Deducing that a function calculates pi requires a level of sophistication in whole program analysis that is unlikely to be available in production compilers for some years to come (ok, detecting 4*atan(1.0) is possible today). What is needed is a collection of compilable files containing source code that aims to achieve an outcome in lots of different ways. To get the ball rolling the “3n times 2” problem is presented as the first of this new breed of benchmarks.

The “3n times 2” problem is a variant on the 3n+1 problem that has been tweaked to create more optimization opportunities. One implementation of the “3n times 2” problem is:

if (is_odd(n))
   n = 3*n+1;
else
   n = 2*n; // this is n = n / 2; in the 3n+1 problem

There are lots of ways of writing code that has the same effect, some of the statements I have seen for calculating n=3*n+1 include: n = n + n + n + 1, n = (n << 1) + n + 1 and n *= 3; n++, while some of the ways of checking if n is odd include: n & 1, (n / 2)*2 != n and n % 2.
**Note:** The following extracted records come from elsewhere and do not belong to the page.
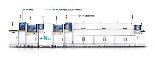 針對(duì)SMT電子制造點(diǎn)膠需求,特別推出自動(dòng)上下料、精密噴射點(diǎn)膠、MARK機(jī)、AVI點(diǎn)膠效果檢測(cè)、膠水加熱固化等一站式整體解決方案。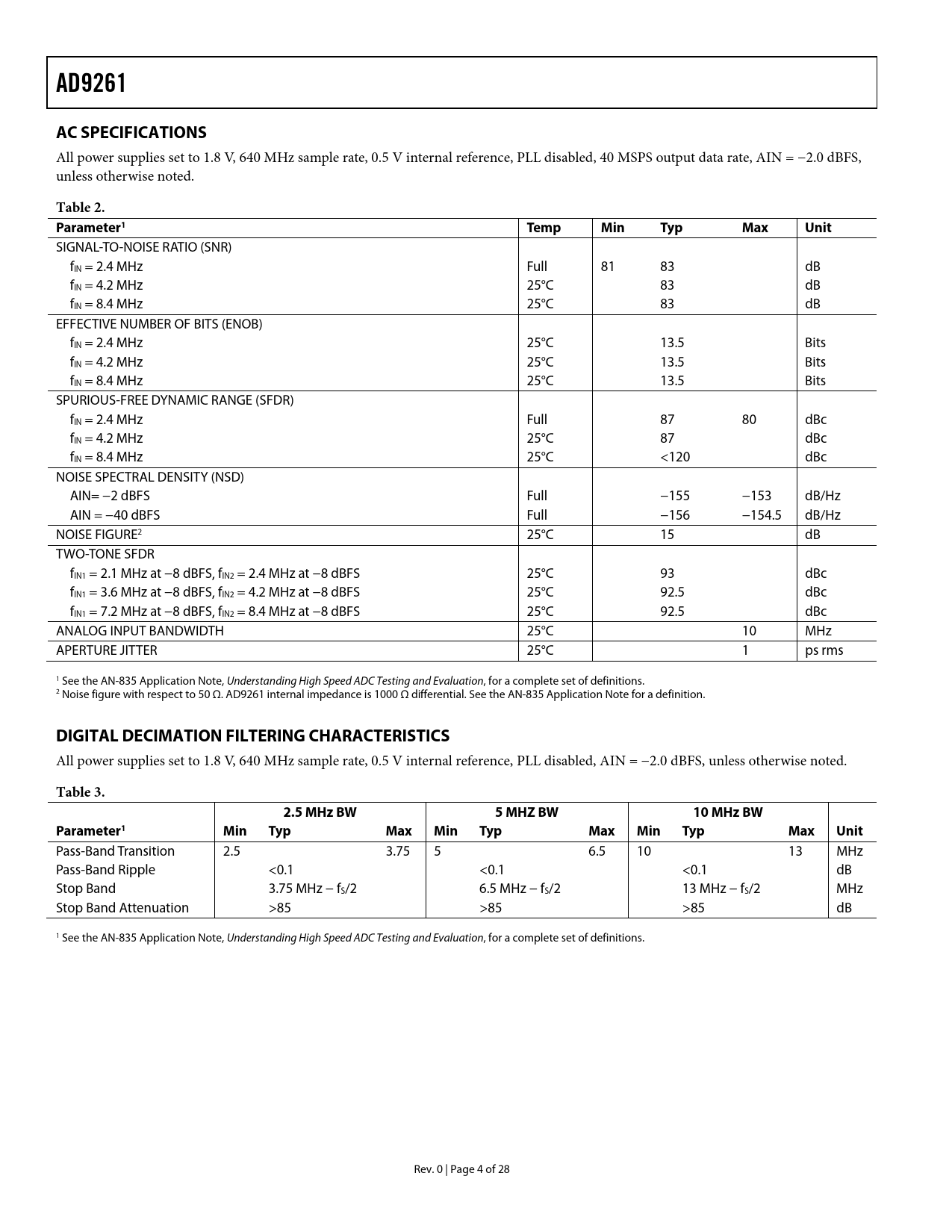 link to page 5 link to page 5 link to page 5 AD9261AC SPECIFICATIONS All power supplies set to 1.8 V, 640 MHz sample rate, 0.5 V internal reference, PLL disabled, 40 MSPS output data rate, AIN = −2.0 dBFS, unless otherwise noted. Table 2. Parameter1Temp Min TypMax Unit SIGNAL-TO-NOISE RATIO (SNR) fIN = 2.4 MHz Full 81 83 dB fIN = 4.2 MHz 25°C 83 dB fIN = 8.4 MHz 25°C 83 dB EFFECTIVE NUMBER OF BITS (ENOB) fIN = 2.4 MHz 25°C 13.5 Bits fIN = 4.2 MHz 25°C 13.5 Bits fIN = 8.4 MHz 25°C 13.5 Bits SPURIOUS-FREE DYNAMIC RANGE (SFDR) fIN = 2.4 MHz Full 87 80 dBc fIN = 4.2 MHz 25°C 87 dBc fIN = 8.4 MHz 25°C <120 dBc NOISE SPECTRAL DENSITY (NSD) AIN= −2 dBFS Full −155 −153 dB/Hz AIN = −40 dBFS Full −156 −154.5 dB/Hz NOISE FIGURE2 25°C 15 dB TWO-TONE SFDR fIN1 = 2.1 MHz at −8 dBFS, fIN2 = 2.4 MHz at −8 dBFS 25°C 93 dBc fIN1 = 3.6 MHz at −8 dBFS, fIN2 = 4.2 MHz at −8 dBFS 25°C 92.5 dBc fIN1 = 7.2 MHz at −8 dBFS, fIN2 = 8.4 MHz at −8 dBFS 25°C 92.5 dBc ANALOG INPUT BANDWIDTH 25°C 10 MHz APERTURE JITTER 25°C 1 ps rms 1 See the AN-835 Application Note, Understanding High Speed ADC Testing and Evaluation, for a complete set of definitions. 2 Noise figure with respect to 50 Ω. AD9261 internal impedance is 1000 Ω differential. See the AN-835 Application Note for a definition. DIGITAL DECIMATION FILTERING CHARACTERISTICS All power supplies set to 1.8 V, 640 MHz sample rate, 0.5 V internal reference, PLL disabled, AIN = −2.0 dBFS, unless otherwise noted. Table 3.2.5 MHz BW5 MHZ BW10 MHz BWParameter1MinTypMaxMinTypMaxMin TypMax Unit Pass-Band Transition 2.5 3.75 5 6.5 10 13 MHz Pass-Band Ripple <0.1 <0.1 <0.1 dB Stop Band 3.75 MHz − fS/2 6.5 MHz − fS/2 13 MHz − fS/2 MHz Stop Band Attenuation >85 >85 >85 dB 1 See the AN-835 Application Note, Understanding High Speed ADC Testing and Evaluation, for a complete set of definitions. Rev. 0 | Page 4 of 28 Document Outline Features Applications Functional Block Diagram General Description Product Highlights Revision History Specifications DC Specifications AC Specifications Digital Decimation Filtering Characteristics Digital Specifications Switching Specifications Timing Diagram Absolute Maximum Ratings Thermal Resistance ESD Caution Pin Configuration and Function Descriptions Typical Performance Characteristics Equivalent Circuits Theory of Operation Analog Input Considerations Input Common Mode Differential Input Configurations Voltage Reference Internal Reference Connection External Reference Operation Clock Input Considerations Direct Clocking Internal PLL Clock Distribution External PLL Control PLL Autoband Select Jitter Considerations Power Dissipation and Standby Mode Digital Engine Bandwidth Selection Decimation Filters Sample Rate Converter Cascaded Filter Responses Digital Outputs Digital Output Format Overrange (OR) Condition Timing Serial Port Interface (SPI) Configuration Using the SPI Hardware Interface Memory Map Memory Map Definitions Outline Dimensions Ordering Guide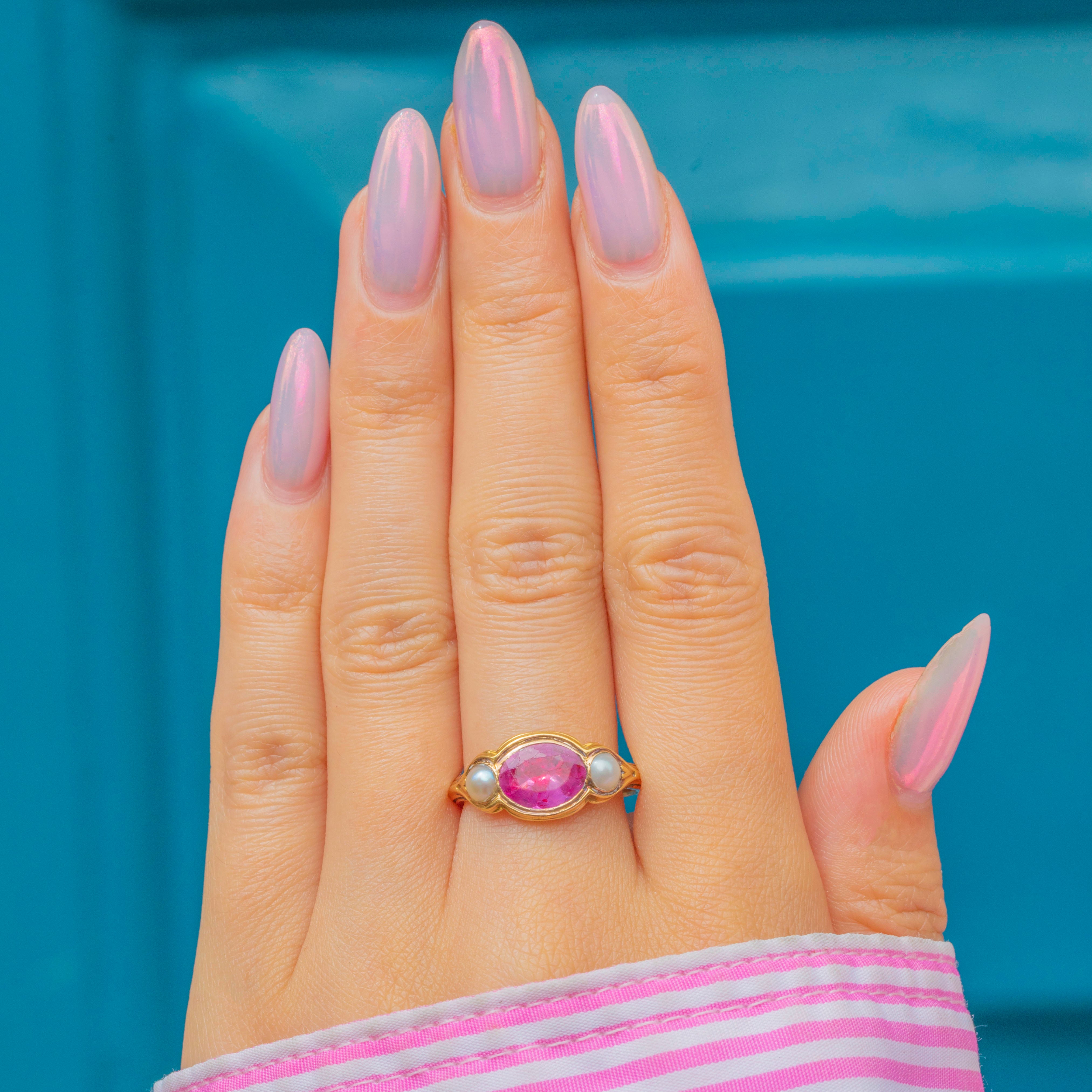The Ruby is flanked by lustrous Pearls, creating a striking trilogy that spreads the width of the finger, and each one is framed by curvaceous settings for a smooth finish. Created circa 1820, this Georgian Ruby ring has been wonderfully preserved and is guaranteed to enchant for generations to come!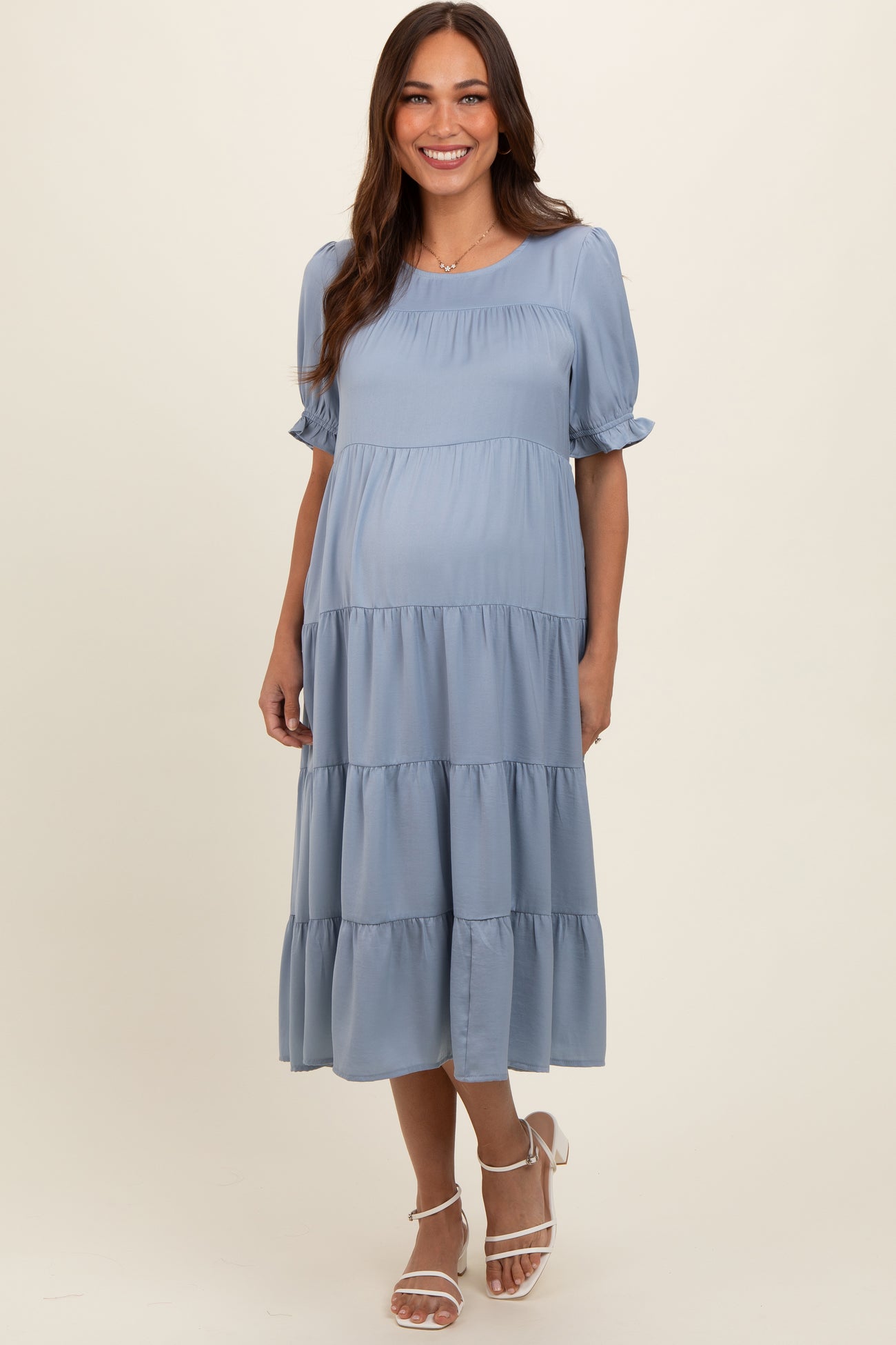 Solid maternity dress with short ruffle sleeves, tiered skirt, and side pockets.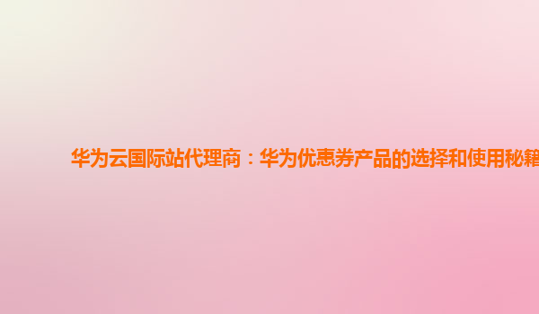 2025-02-19华为云国际站代理商:华为优惠券产品的选择和使用秘籍 在当今云计算日益发展的时代,越来越多的企业和开发者开始关注云服务平台的选择。而在众多云服务提供商中,华为云凭借其强大的技术实力和多样化的产品服务,迅...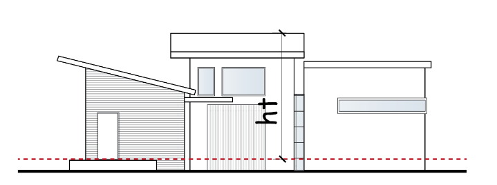 The height is dimensioned from the highest point vertically down to the point of intersection at natural ground level ground level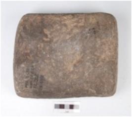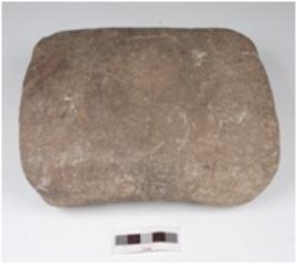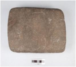 | Description / विवरण | A rectangular saddle made of quartzite, chipped off surface and legs are missing. |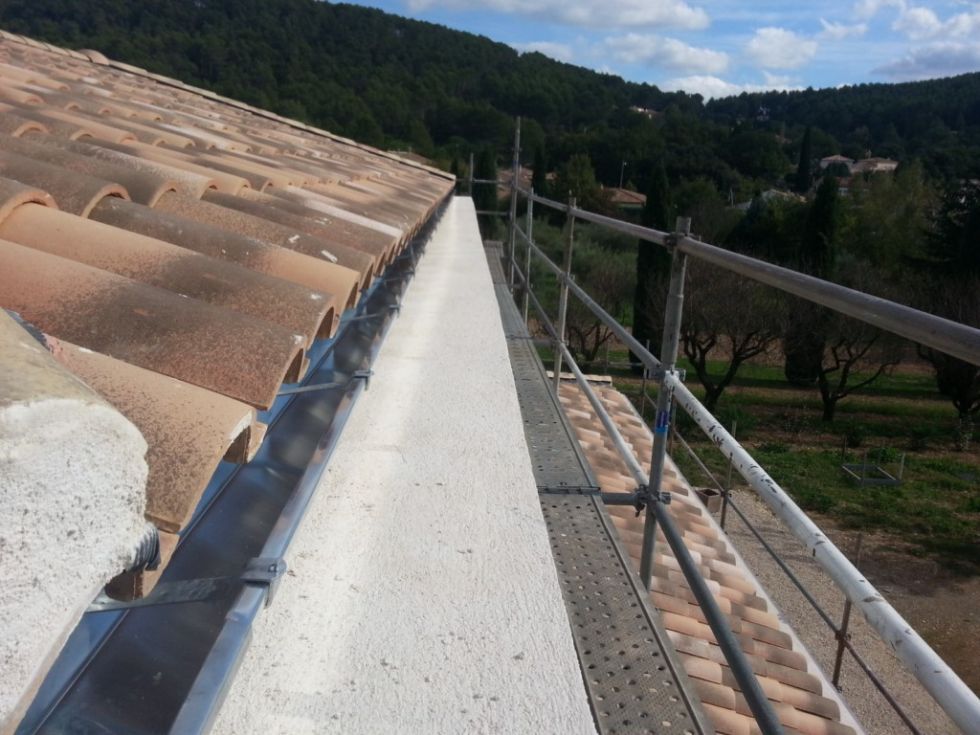 Afin de récupéré les eaux pluvial d'une toiture sainte baume rénovation a effectué la pose de gouttières mouluré en zinc.
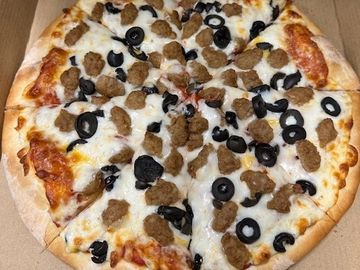 three-cheese blend, Italian sausage & black olives

I have created a list of different ways in which 3*n+1 might be calculated and is_odd(n) might be tested and written a script to generate a function containing all possible permutations (to reduce the number of combinations no variants were created for the least interesting case of n=2*n, which was always generated in this form). The following is a snippet of the generated code (download everything):

if (n & 1) n=(n << 2) - n +1; else n*=2;
if (n & 1) n=3*n+1; else n*=2;
if (n & 1) n += 2*n +1; else n*=2;
if ((n / 2)*2 != n) { t=(n << 1); n=t+n+1; } else n*=2;
if ((n / 2)*2 != n) { n*=3; n++; } else n*=2;

Benchmarks need a means of summarizing the results and here I make a stab at doing that for gcc 4.6.1 and llvm 2.9, when executed using the -O3 option (output here and here). Both compilers generated a total of four different sequences for the 27 'different' statements (I'm not sure what to do about the inline function tests and have ignored them here) with none of the sequences being shared between compilers. The following lists the number of occurrences of each sequence, e.g., gcc generated one sequence 16 times, another 8 times and so on:

gcc    16   8   2   1
llvm   12   6   6   3

How might we turn these counts into a single number that enables compiler performance to be compared? One possibility is to award 1 point for each of the most common sequence, 1/2 point for each of the second most common, 1/4 for the third and so on. Using this scheme, gcc gets 20.625, and llvm gets 16.875. So gcc has greater consistency (I am loathed to use the much overused phrase higher quality).

Now for a closer look at the code generated.

Both compilers always generated code to test the least significant bit for the conditional expressions n & 1 and n % 2. For the test (n / 2)*2 != n gcc generated the not very clever right-shift/left-shift/compare while llvm and'ed out the bottom bit and then compared; so both compilers failed to handle what is a surprisingly common check for a number being odd.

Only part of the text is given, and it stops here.